Белгород уже дышит свободно, но бой к нему еще доносится глухо, а теперь мы прорываемся с ходу, сразу — в Золочев и Богодухов. Выстрел наш поднял по тревоге фашистов полусонное стадо. «Тигры», зажженные вдоль дороги огнем подкалиберного снаряда! Самолетами перечеркнуто солнце. В траву бы запрятать обожженные лица, воды холодной зачерпнуть из колодца — и вперед,                        чтобы не дать закрепиться. Пленные потрескавшимися губами «капут» выговаривают пугливо. Но мертвые, распластавшись рядами, высказываются более красноречиво.
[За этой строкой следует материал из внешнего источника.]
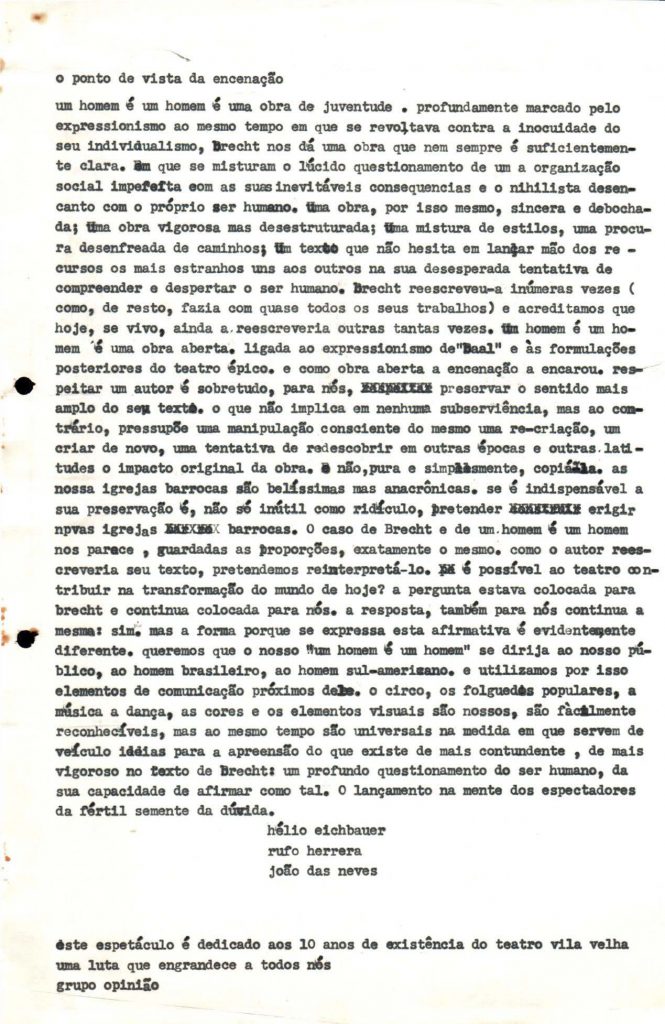“Luiz, o que é que nós sabemos? Nada. A não ser que eles estão lá na frente armados até os dentes e querendo nos eliminar. Que eles sempre estiveram à frente e armados até os dentes. Enquanto isso nós falávamos, cantávamos, representávamos e nem fomos capazes de ao menos prevenir dois pobres diabos* que não tinham nada com isso. Que só queriam acabar o seu trabalho e voltar para suas casas.” [*Referência aos pintores assassinados por rajadas de metralhadoras ao pular a quarta parede, comum a todos os palcos italianos.]
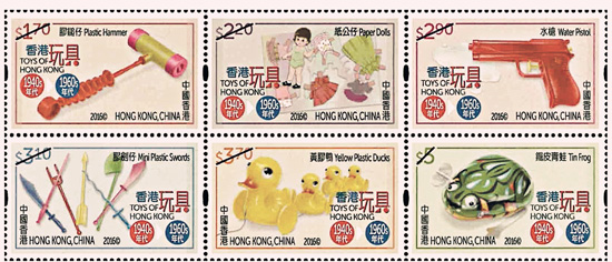 Made in Hong Kong玩具昔日行销全球,令港人自豪。图为邮政局今年推出玩具主题邮票

Двадцатого августа                                     ночью, взрывами взрытой, немцы в панике бросились,                                                не предвидя отсрочек, по единственной дороге,                                              открытой из Харькова на Люботин, на Коротич. Наш танковый взвод,                                          получив задачу, мимо Коротича,                               ночью душной и темной, к шоссе прорвался и свиданье назначил, с убегающей немецкой колонной. Пушки, высунув белые жала, так грохотали, что машина взлетала, дорога раскачивалась и визжала в крошеве раздавленного металла. Радисты к пулеметам пристыли и, прицеливаясь в самую гущу, поворачивая дуло, косили так, что ноги подкашивались у бегущих.
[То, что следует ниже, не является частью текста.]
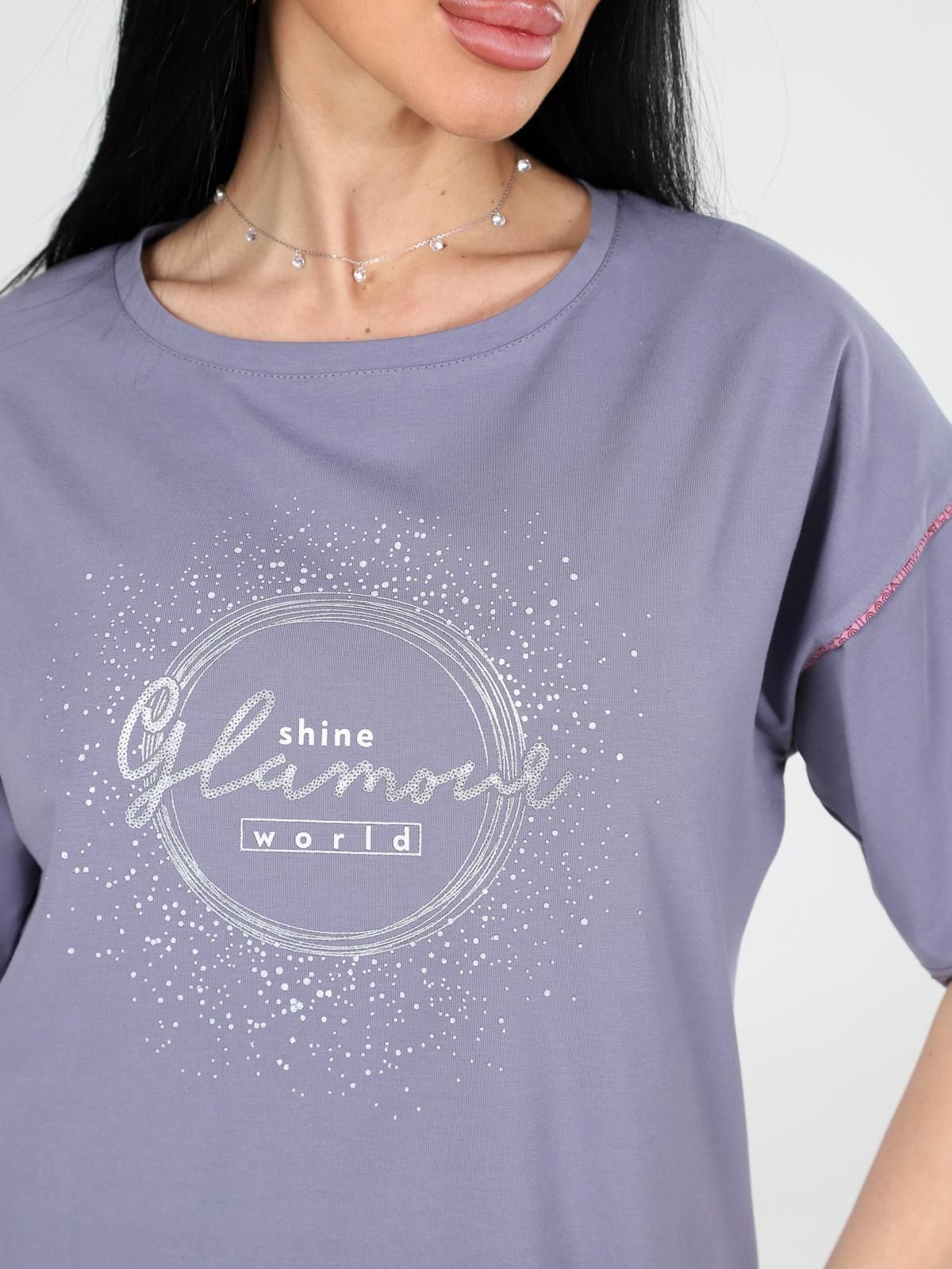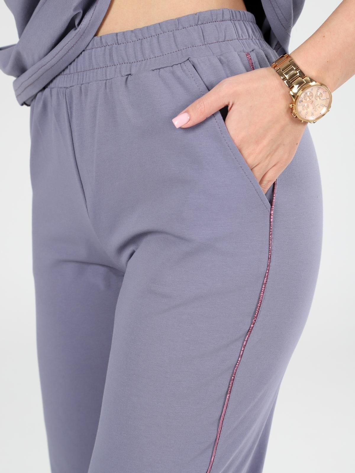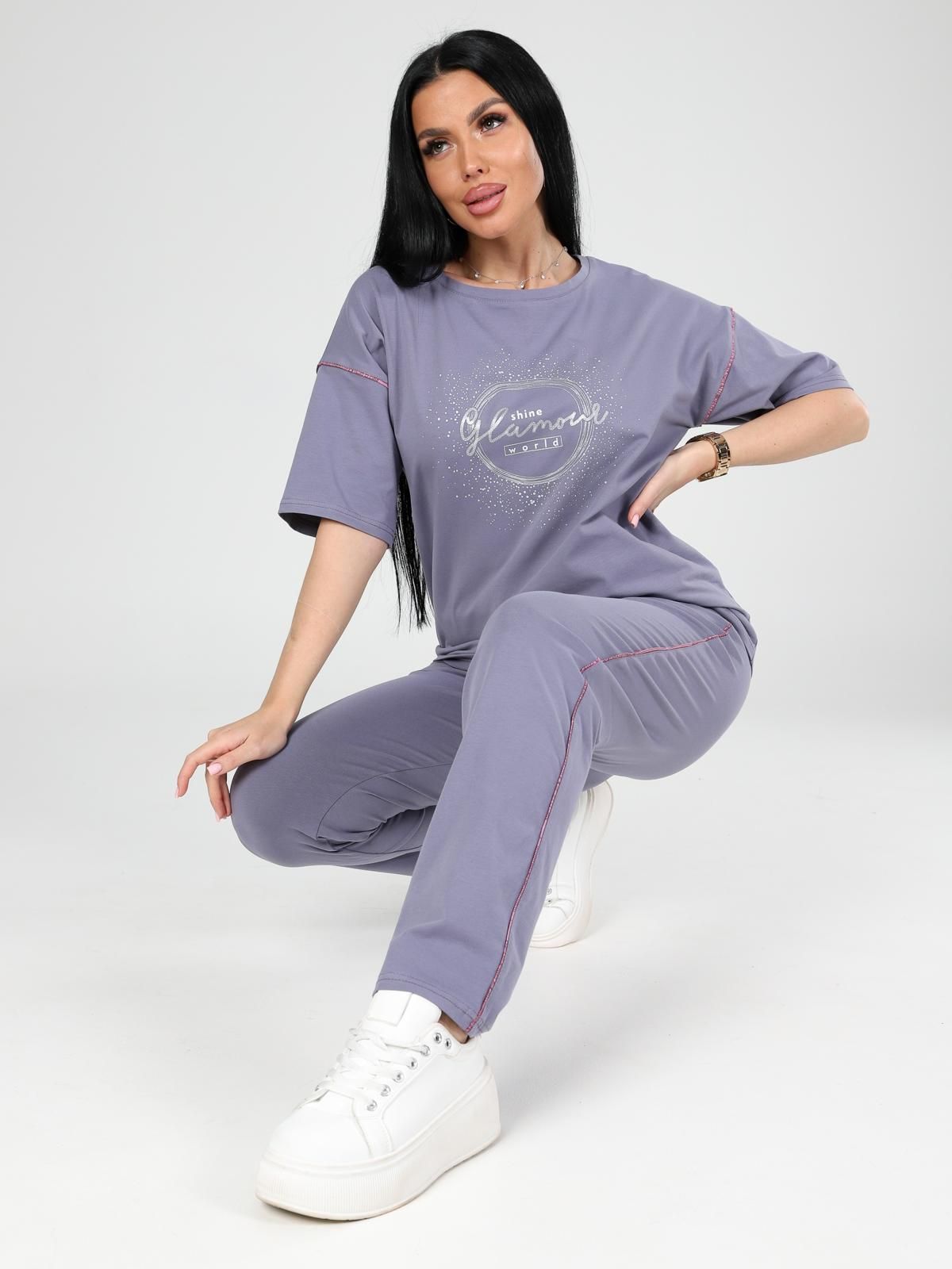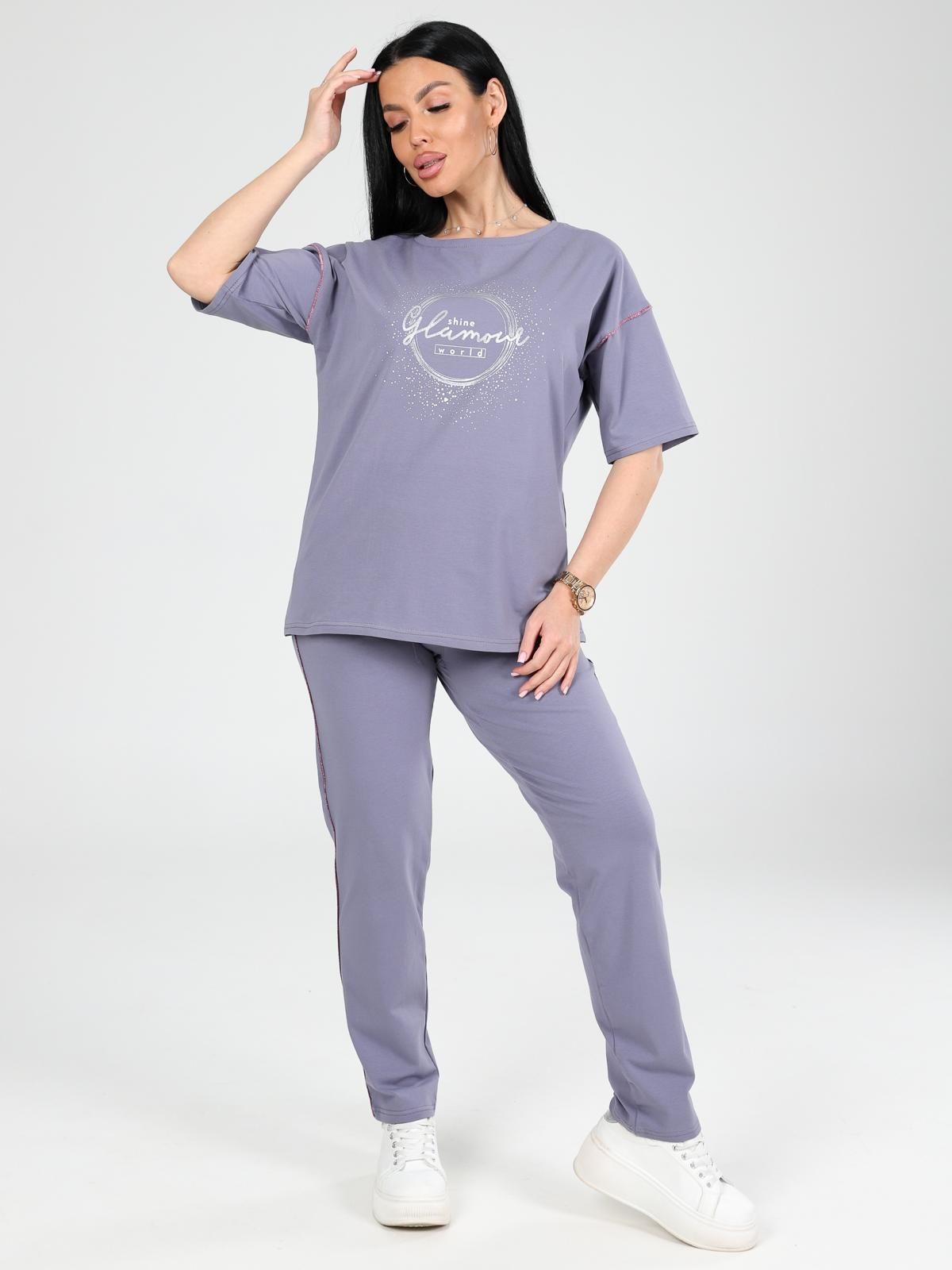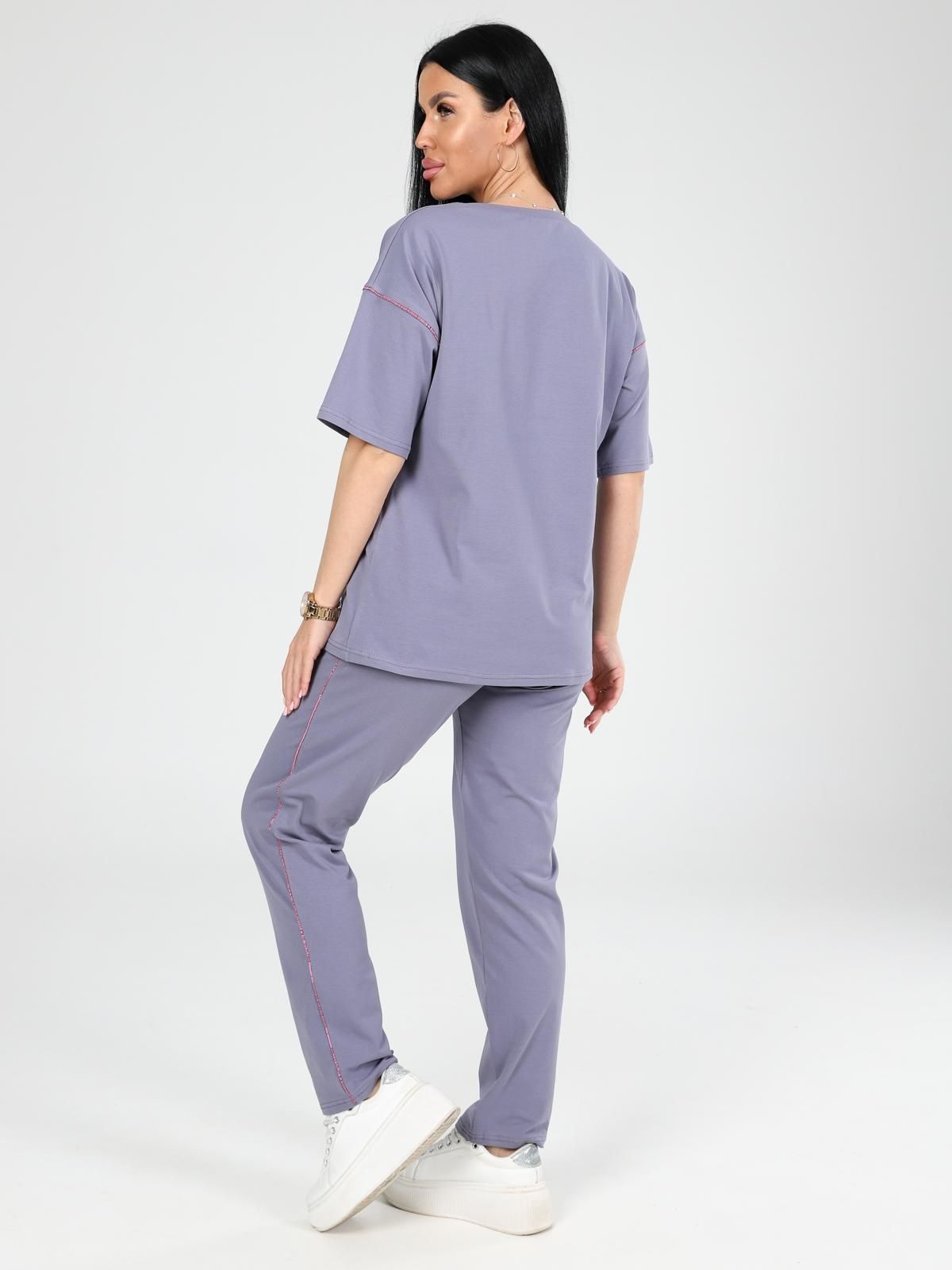 Костюм женский состоит из футболки и брюк. Футболка прямого силуэта со спущенной линией плеча. По шву втачивания рукава-кант из отделочной ткани. По центру полочки принт. Брюки с карманами и отделочным кантом в боковых швах.

«Стой!» — крикнул Сема, вырываясь из люка. Механик затормозил.                                           Я гляжу удивленно: у разбитой машины, вздымая дрожащие руки, четыре немца стояли перед Семеном. «Возьмем?» — «Зачем они, направляй их вдоль пашни, сами дойдут, тоже — важные лица!» — «Разрешите, я их устрою у башни, может, в штабе какой-нибудь из них                                                                 пригодится!..» Мы осторожно продвигаемся снова, машина гусеницами прощупывает воздух. Нехода чудовищным чувством слепого нас приводит до рассвета на отдых.
Утром комбат подошел: «Ну и немцы! Где вы взяли таких. Не добились ни слова. В штаб переправили, стоит к ним приглядеться. Как машина?» — «Всё в порядке, готова». — «На, часы вот,                                нашли после них —                                                                под скамью затолкали. На крышке — прочти-ка —„Буланов“». — «Башнеру отдайте, наверно, у раненого иль убитого нашего взяли,                                                                                 шакалы». — «Бери, Руденко, и вспоминай о солдате…»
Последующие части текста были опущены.